(Stored data)
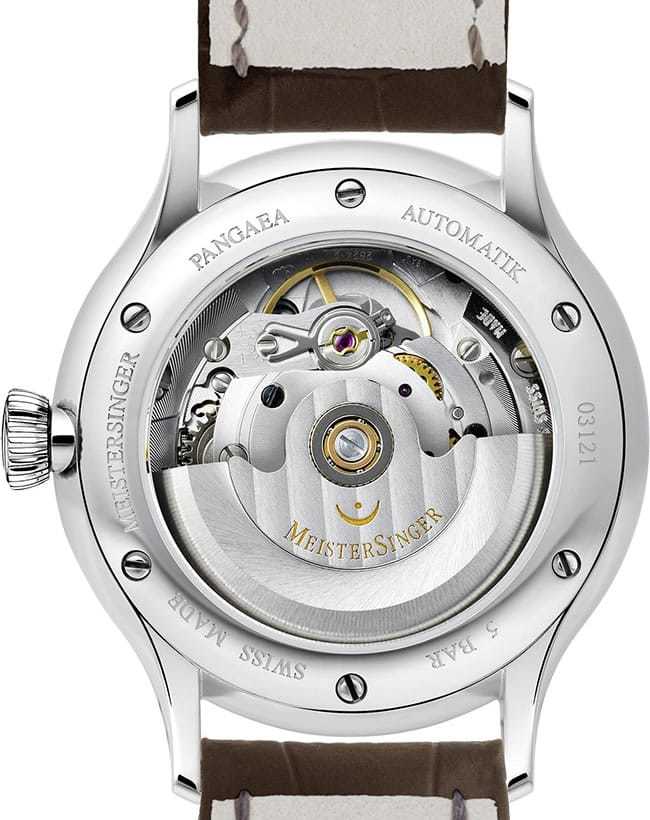 At MeisterSinger we have always focused on the really important moments: the hours and days which stay in our memory. Therefore it is only logical for MeisterSinger to now offer the Pangaea Day Date with a day and date function. The date and day of the week can easily be read next to the twelve without losing sight of the time or the other days.
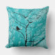 Mockingbird in Tree Branch Turquoise Throw Pillow
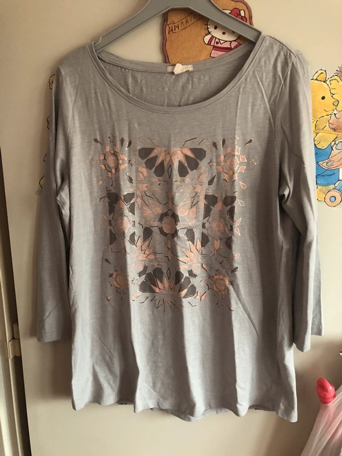 Tee shirt à manches 3/4 gris à motifs, taille M, marque Esprit.
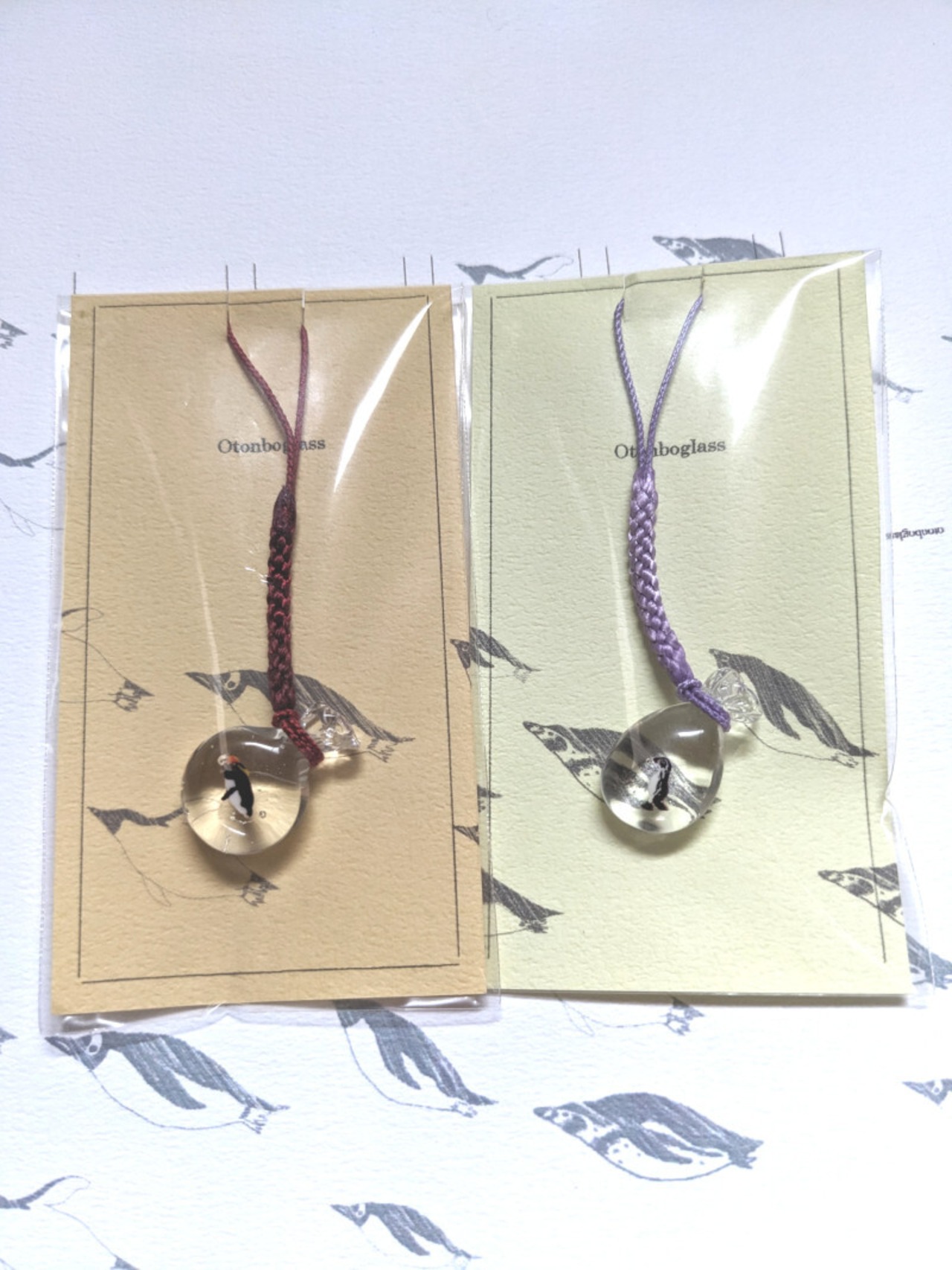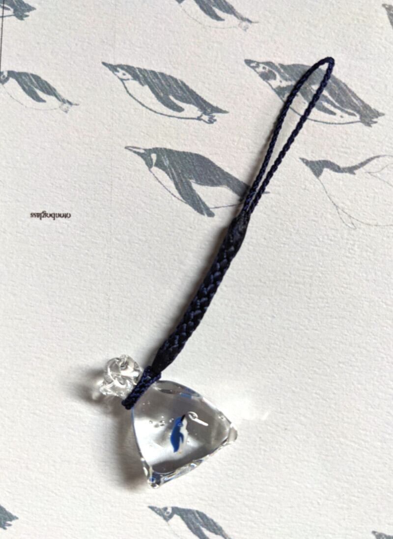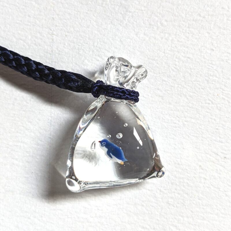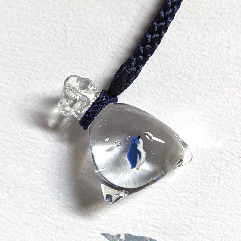 ペンギンを、金魚すくいの袋に入れたような形の根付です。
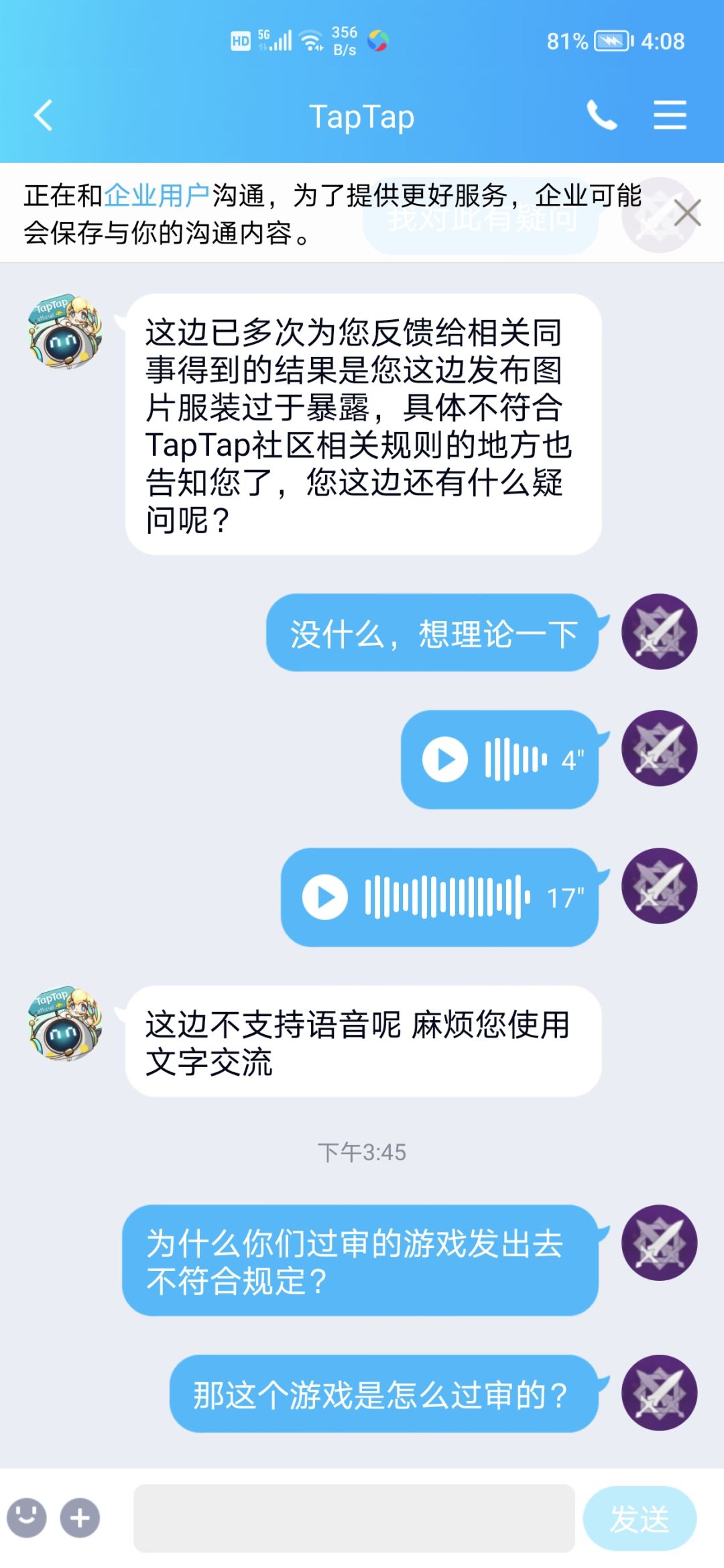 我擦,服了,我在tap上下的游戏,结果图片不没过审,笑死,老双标了。
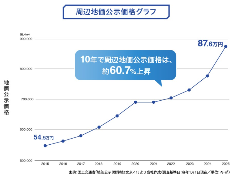 実際に本物件の周辺の地価は、10年で1.6倍以上に上昇中!
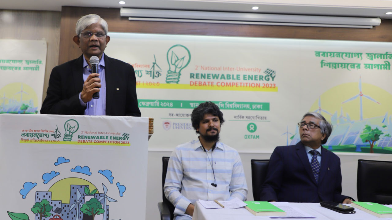 শনিবার (১০ ফেব্রুয়ারি) সকালে প্রেসিডেন্সি ইউনিভার্সিটির দুই দিনব্যাপী ২য় জাতীয় আন্তঃবিশ্ববিদ্যালয় নবায়নযোগ্য শক্তি বিতর্ক প্রতিযোগিতার উদ্বোধনী অনুষ্ঠানে তিনি এসব কথা বলেন।
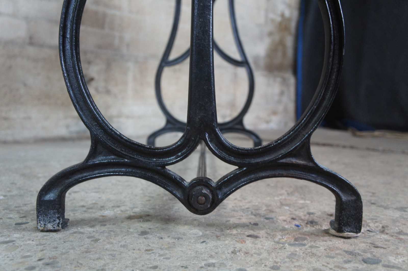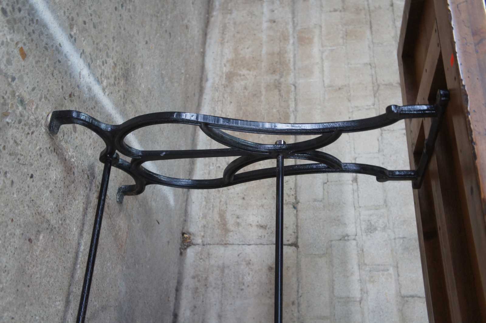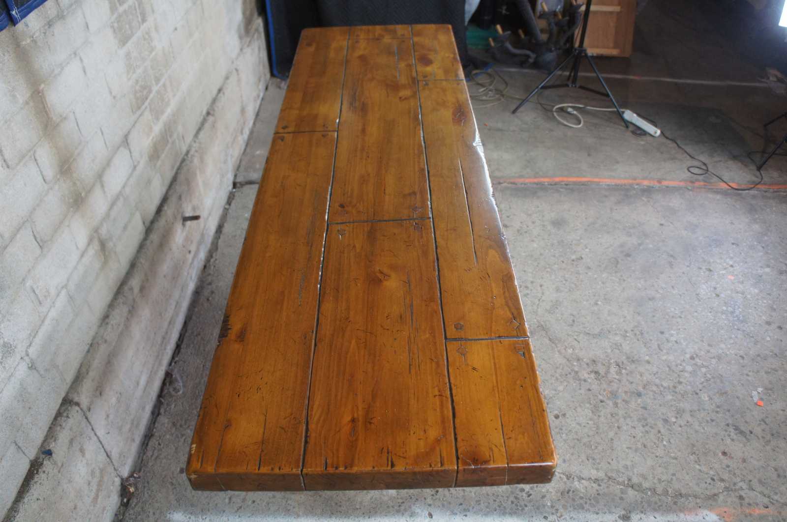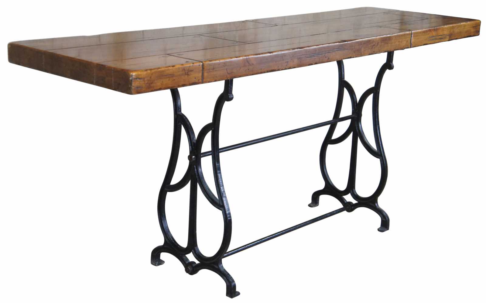 A unique pairing of transitional and antique styling. Features a Century Furniture disressed pine plank top over an antique Iron base. Great for use in an entry console, hallway or sofa table. The top is from 2005 while the base is from the early 20th century.
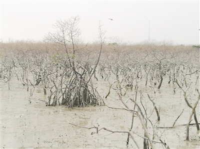 图为成片死亡的红树林。中央生态环境保护督察组供图
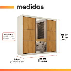 MODELO: Guarda Roupas Casal 3 Portas de Correr Com Espelho 6 Gavetas Argel
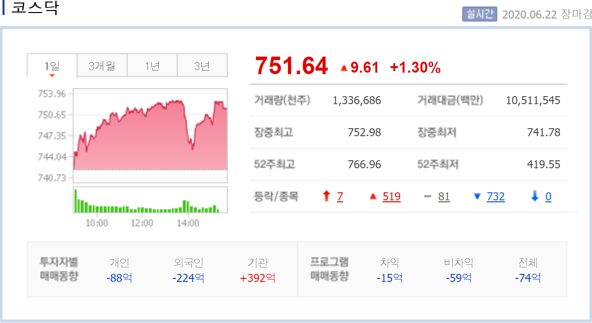 4월에 코스피는 1400대, 코스닥은 400대로 52주 최저치를 기록했다가 반등하며, 6월 22일 현재 코스피는 2100대, 코스닥은 700대로 올라왔다.

WHAT IS BEING ASKED: Exactly reproduce each record, leaving out any pictures.

SOLUTION TO THIS TASK:
 At MeisterSinger we have always focused on the really important moments: the hours and days which stay in our memory. Therefore it is only logical for MeisterSinger to now offer the Pangaea Day Date with a day and date function. The date and day of the week can easily be read next to the twelve without losing sight of the time or the other days.
 Mockingbird in Tree Branch Turquoise Throw Pillow
 Tee shirt à manches 3/4 gris à motifs, taille M, marque Esprit.
 ペンギンを、金魚すくいの袋に入れたような形の根付です。
 我擦,服了,我在tap上下的游戏,结果图片不没过审,笑死,老双标了。
 実際に本物件の周辺の地価は、10年で1.6倍以上に上昇中!
 শনিবার (১০ ফেব্রুয়ারি) সকালে প্রেসিডেন্সি ইউনিভার্সিটির দুই দিনব্যাপী ২য় জাতীয় আন্তঃবিশ্ববিদ্যালয় নবায়নযোগ্য শক্তি বিতর্ক প্রতিযোগিতার উদ্বোধনী অনুষ্ঠানে তিনি এসব কথা বলেন।
 A unique pairing of transitional and antique styling. Features a Century Furniture disressed pine plank top over an antique Iron base. Great for use in an entry console, hallway or sofa table. The top is from 2005 while the base is from the early 20th century.
 图为成片死亡的红树林。中央生态环境保护督察组供图
 MODELO: Guarda Roupas Casal 3 Portas de Correr Com Espelho 6 Gavetas Argel
 4월에 코스피는 1400대, 코스닥은 400대로 52주 최저치를 기록했다가 반등하며, 6월 22일 현재 코스피는 2100대, 코스닥은 700대로 올라왔다.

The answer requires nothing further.